The rise and fall of Bordeaux
This year’s Bordeaux en primeur season is getting under way – but do wine drinkers care any more? Plus: what I've been drinking this week
NEXT week upwards of 5,000 wine buyers and critics will descend on Bordeaux for the first big en primeur tastings of the 2023 vintage. It is a ritual as confusing to outsiders as it is annoying to many critics. But there are signs that this year, the system may be at crisis point. That says something of wider importance about the wine world’s journey over the past 20 years.
First, an explainer for non-wine geeks. If you buy en primeur – other wine regions sell in this way too – you’re ordering at least a year ahead of the wine actually being shipped. You pay up front, minus the taxes, which you pay the following year once the wine has arrived in your country.
The advantage for producers is clear: en primeur sales improve their cash flow, bringing in money at a point when a vintage will still be tied up in their cellars for another year or more. For wine drinkers, it’s a chance to secure sought-after bottles early before they sell out.
For example, I regularly buy Rhône wines en primeur from the Wine Society. Each year they offer around 150 wines, mostly from smaller producers, already bottled but not yet ready to drink. This February they offered wines from the 2022 vintage, which will mostly be delivered in spring 2025. A few of these will be offered later on the Society’s normal list – but most won’t.
Bordeaux is different: the wine is shown very early, in the Spring after harvest, when it still isn’t finished, let alone bottled.

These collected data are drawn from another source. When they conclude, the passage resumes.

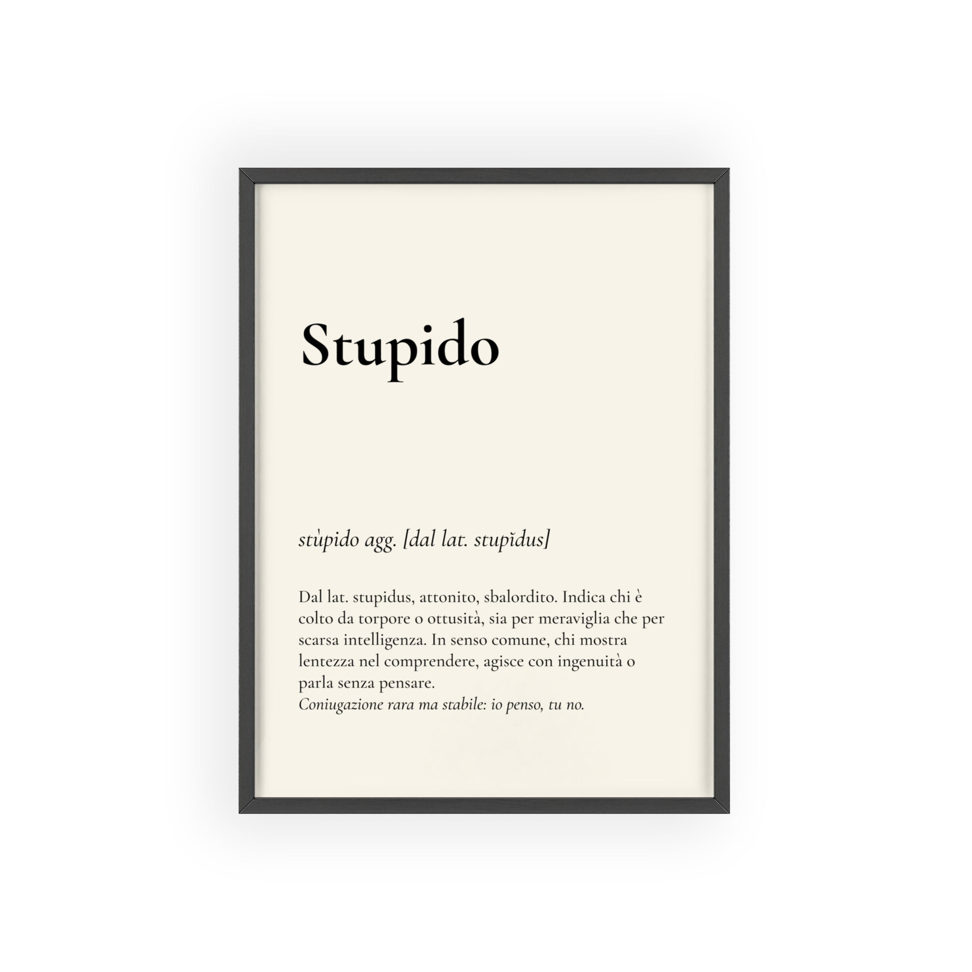 Con tono da vocabolario Treccani e verità da bar del lunedì mattina, questo poster definisce "stupido" come solo l’esperienza può fare: prima con rigore linguistico, poi con una stilettata che ti fa sorridere (o riflettere su chi ti circonda).
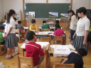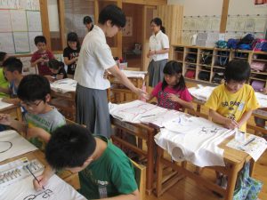 HOME > お知らせ > 非公開: 有小ブログ > 月12日 3年生棚田Tシャツアート展作品制作 月12日 3年生棚田Tシャツアート展作品制作 入力日2019年11月12日 内容本日は3年生教室で、「棚田Tシャツアート展2019」の作品制作が行われました、。子どもたちは真っ白なTシャツに楽しそうに思い思いの絵を描いていました。有田工業高等学校より、3名の生徒さんが指導に来てくださり、いい作品に仕上がってきました。秋の棚田にひらひらとそよぐ子どもたちオリジナルTシャツが見られそうです。お楽しみに! 閲覧数91 前へ 次へ
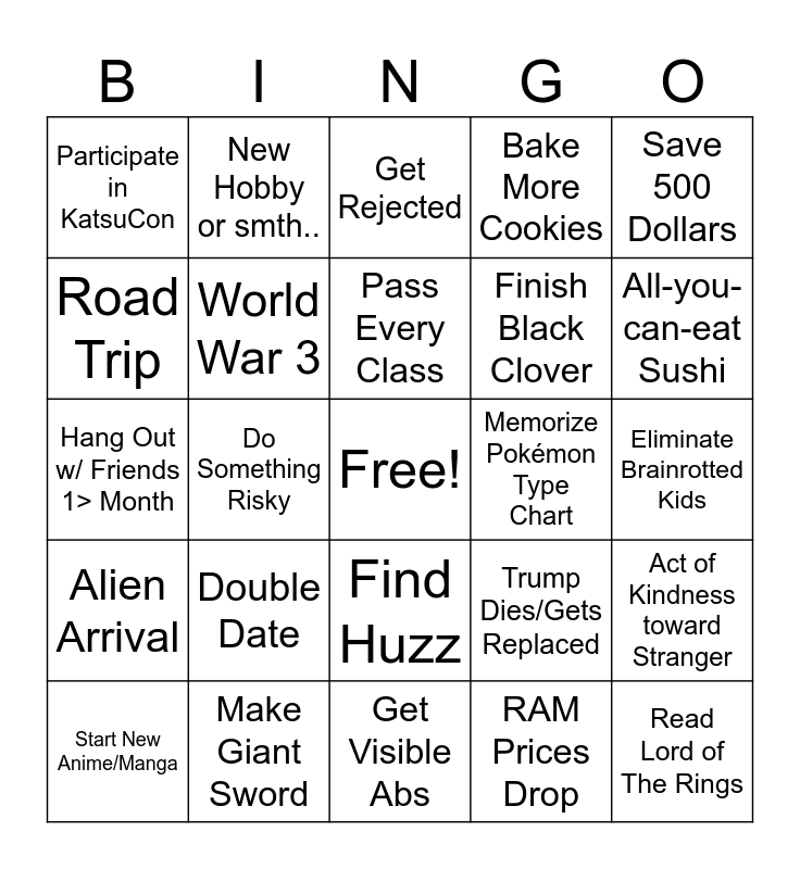 This bingo card has a free space and 24 words: Double Date, Make Giant Sword, Pass Every Class, Start New Anime/Manga, Save 500 Dollars, Participate in KatsuCon, Road Trip, New Hobby or smth.., Memorize Pokémon Type Chart, Find Huzz, Finish Black Clover, Hang Out w/ Friends 1> Month, Trump Dies/Gets Replaced, Act of Kindness toward Stranger, World War 3, RAM Prices Drop, Eliminate Brainrotted Kids, Get Rejected, All-you-can-eat Sushi, Do Something Risky, Read Lord of The Rings, Alien Arrival, Bake More Cookies and Get Visible Abs.
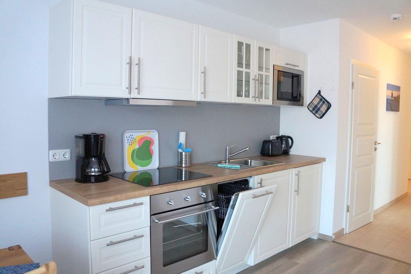 Die Wohnung verfügt über ein offenes Wohn- und Küchenkonzept. Eine voll ausgestattete Küche mit Ceranherd, Kühlschrank, Geschirrspüler, Backofen, Mikrowelle, Wasserkocher, Toaster und Kaffeemaschine lässt keine Wünsche offen.

First offered in 1982 in this way, this means that critics taste only barrel samples offering indicative blends. Red Bordeaux wines generally evolve in a more predictable way than, say, red Burgundies. Still, even for expert tasters, if you’re being offered an unfinished “cuvée des journalistes” from one of the better barrels, predicting what the wines will taste like on someone’s dinner table in a decade is a guess.
That is one reason why there has been a growing chorus of criticism of the Bordeaux en primeur system from wine critics and UK merchants. The other reason is soaring prices.

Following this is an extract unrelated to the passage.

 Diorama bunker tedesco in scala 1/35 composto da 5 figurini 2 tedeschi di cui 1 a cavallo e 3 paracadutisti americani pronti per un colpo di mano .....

Bordeaux is easily the largest source of fine wine on Earth: there is a lot of money at stake. When the celebrated US wine critic Robert Parker famously called the 1982 vintage as a great one, he put rocket boosters under international demand for high-end claret. In the 1980s and 90s, Parker’s scores out of 100 came to be the international standard – and a market mover in Bordeaux. High Parker points – over a 95 – would guarantee huge demand from Europe, the US and Japan.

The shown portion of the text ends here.